--- Source records Enclosed Below ---

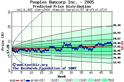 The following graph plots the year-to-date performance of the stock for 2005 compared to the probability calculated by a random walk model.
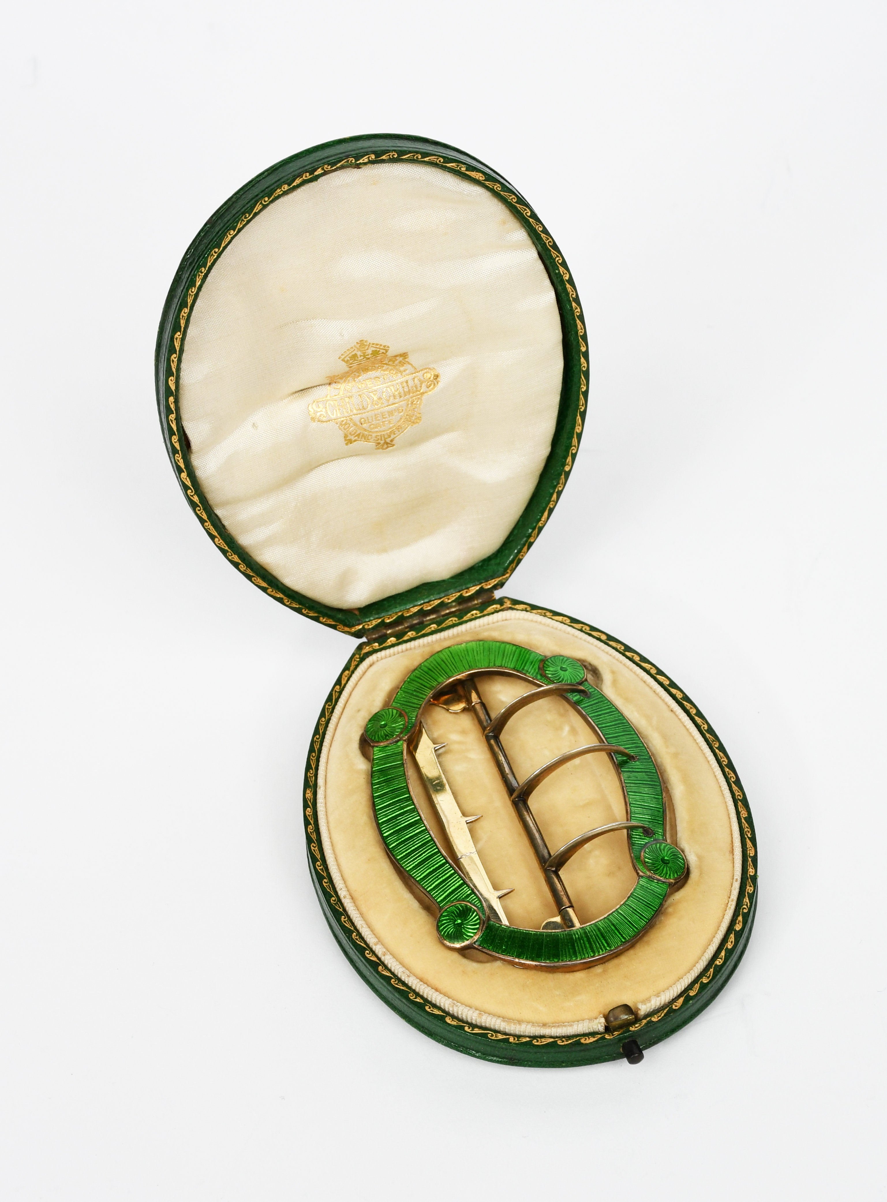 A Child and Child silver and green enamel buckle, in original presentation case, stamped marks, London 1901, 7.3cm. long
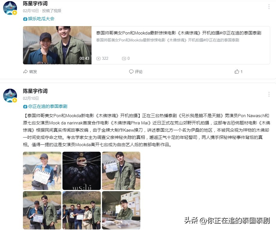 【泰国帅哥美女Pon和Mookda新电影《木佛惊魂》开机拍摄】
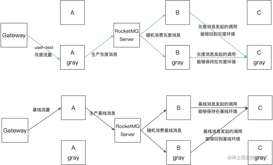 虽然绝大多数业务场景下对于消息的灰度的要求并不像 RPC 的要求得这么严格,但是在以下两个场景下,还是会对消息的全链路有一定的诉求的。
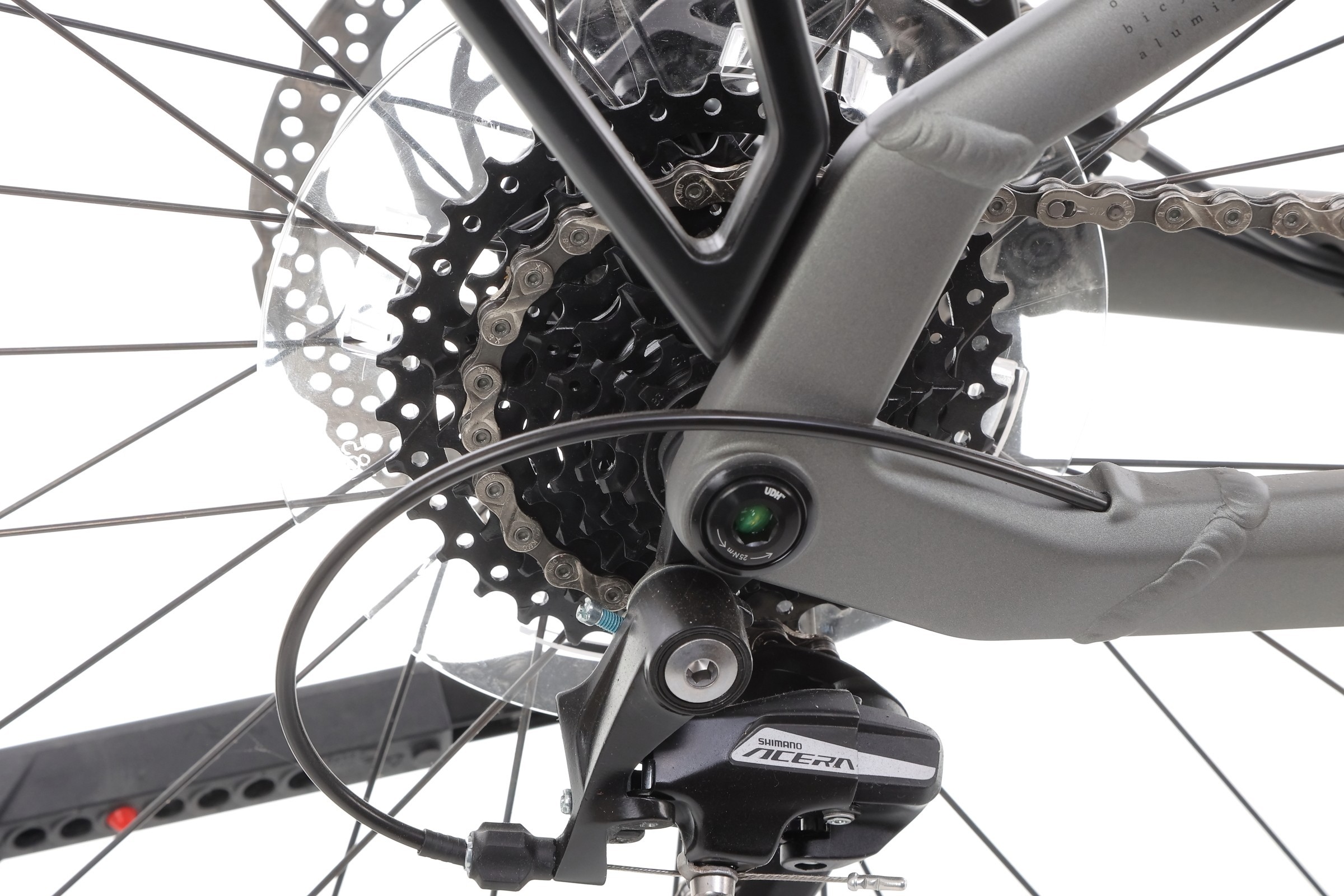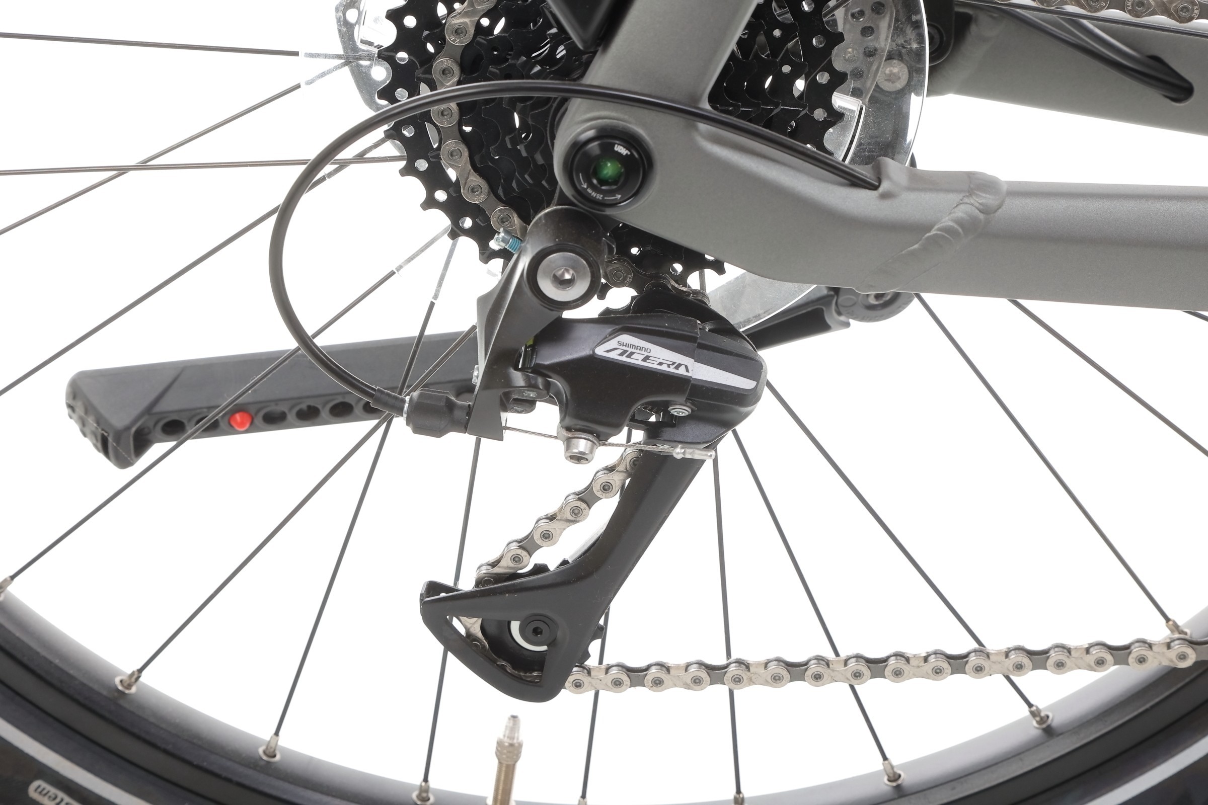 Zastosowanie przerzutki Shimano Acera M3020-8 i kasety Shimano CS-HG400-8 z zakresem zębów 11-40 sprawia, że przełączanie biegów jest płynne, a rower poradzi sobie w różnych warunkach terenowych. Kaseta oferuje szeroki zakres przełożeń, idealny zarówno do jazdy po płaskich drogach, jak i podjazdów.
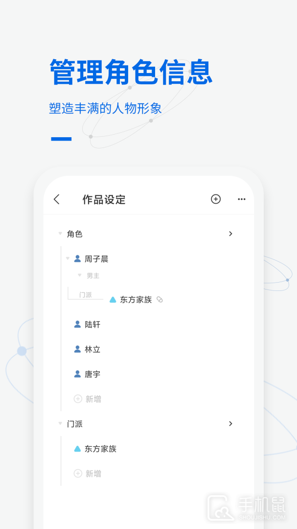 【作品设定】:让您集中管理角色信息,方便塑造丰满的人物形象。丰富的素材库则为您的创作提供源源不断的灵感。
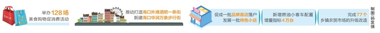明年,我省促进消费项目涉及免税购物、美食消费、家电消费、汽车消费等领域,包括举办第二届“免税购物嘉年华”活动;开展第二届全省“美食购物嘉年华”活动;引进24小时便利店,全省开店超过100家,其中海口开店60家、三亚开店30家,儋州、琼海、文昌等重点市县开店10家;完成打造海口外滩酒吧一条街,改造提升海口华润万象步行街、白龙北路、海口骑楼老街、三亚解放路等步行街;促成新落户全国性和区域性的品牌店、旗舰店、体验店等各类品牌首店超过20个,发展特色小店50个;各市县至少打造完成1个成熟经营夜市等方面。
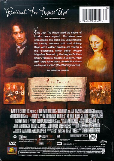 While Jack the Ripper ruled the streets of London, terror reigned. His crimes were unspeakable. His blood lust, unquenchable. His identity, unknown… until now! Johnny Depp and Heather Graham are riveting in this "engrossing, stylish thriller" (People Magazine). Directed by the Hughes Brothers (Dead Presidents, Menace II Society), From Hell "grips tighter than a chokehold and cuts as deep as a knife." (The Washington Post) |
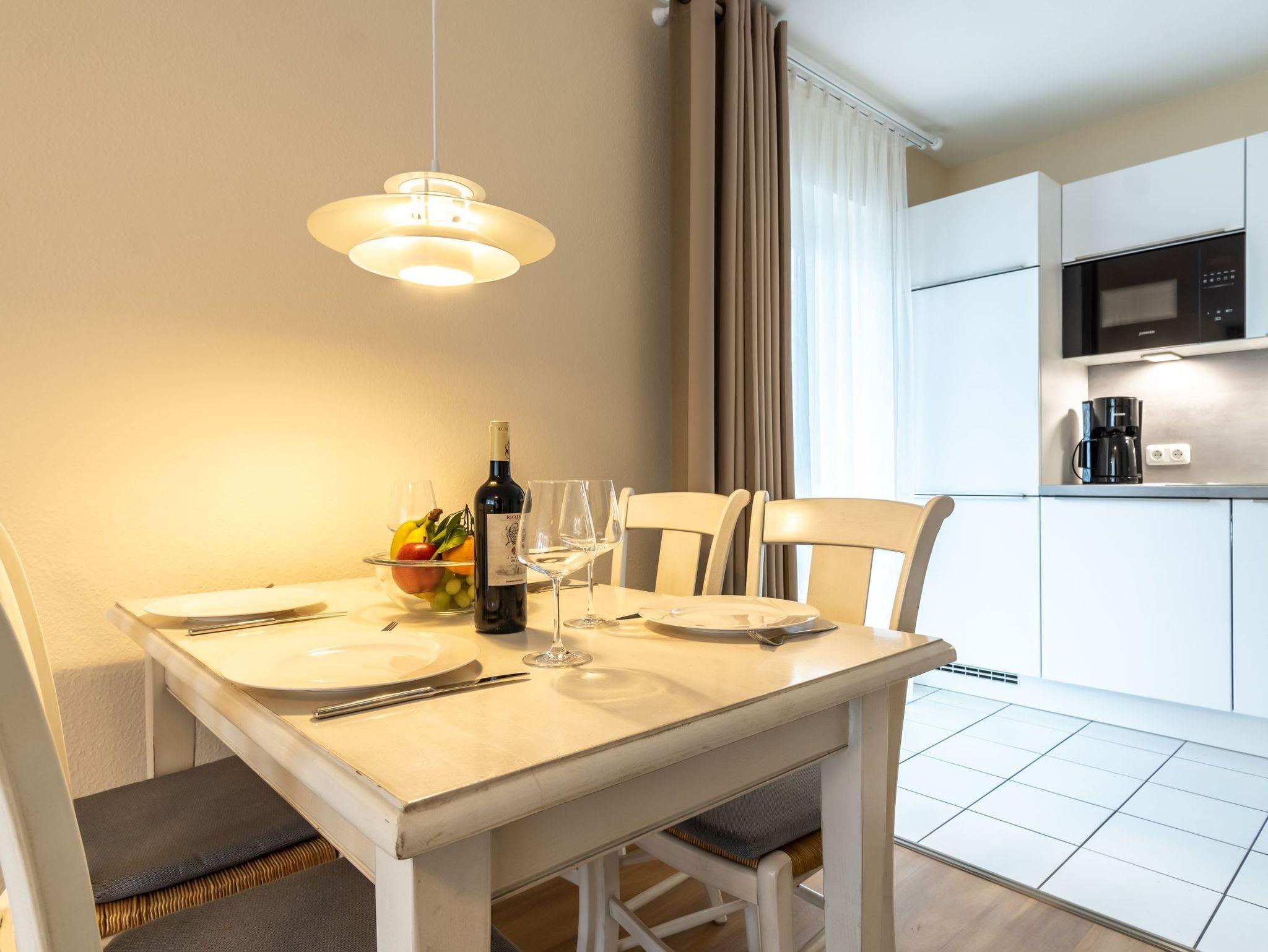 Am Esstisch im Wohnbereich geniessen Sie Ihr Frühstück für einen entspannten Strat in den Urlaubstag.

--- End of Enclosed Source records ---

■ **What you will do**: Exact copies of the lines from the one containing "明年,我省促进消费项目涉及免" through the final line of the data are required; pictures are to be omitted.

■ **Result of the task**:
明年,我省促进消费项目涉及免税购物、美食消费、家电消费、汽车消费等领域,包括举办第二届“免税购物嘉年华”活动;开展第二届全省“美食购物嘉年华”活动;引进24小时便利店,全省开店超过100家,其中海口开店60家、三亚开店30家,儋州、琼海、文昌等重点市县开店10家;完成打造海口外滩酒吧一条街,改造提升海口华润万象步行街、白龙北路、海口骑楼老街、三亚解放路等步行街;促成新落户全国性和区域性的品牌店、旗舰店、体验店等各类品牌首店超过20个,发展特色小店50个;各市县至少打造完成1个成熟经营夜市等方面。
 While Jack the Ripper ruled the streets of London, terror reigned. His crimes were unspeakable. His blood lust, unquenchable. His identity, unknown… until now! Johnny Depp and Heather Graham are riveting in this "engrossing, stylish thriller" (People Magazine). Directed by the Hughes Brothers (Dead Presidents, Menace II Society), From Hell "grips tighter than a chokehold and cuts as deep as a knife." (The Washington Post) |
 Am Esstisch im Wohnbereich geniessen Sie Ihr Frühstück für einen entspannten Strat in den Urlaubstag.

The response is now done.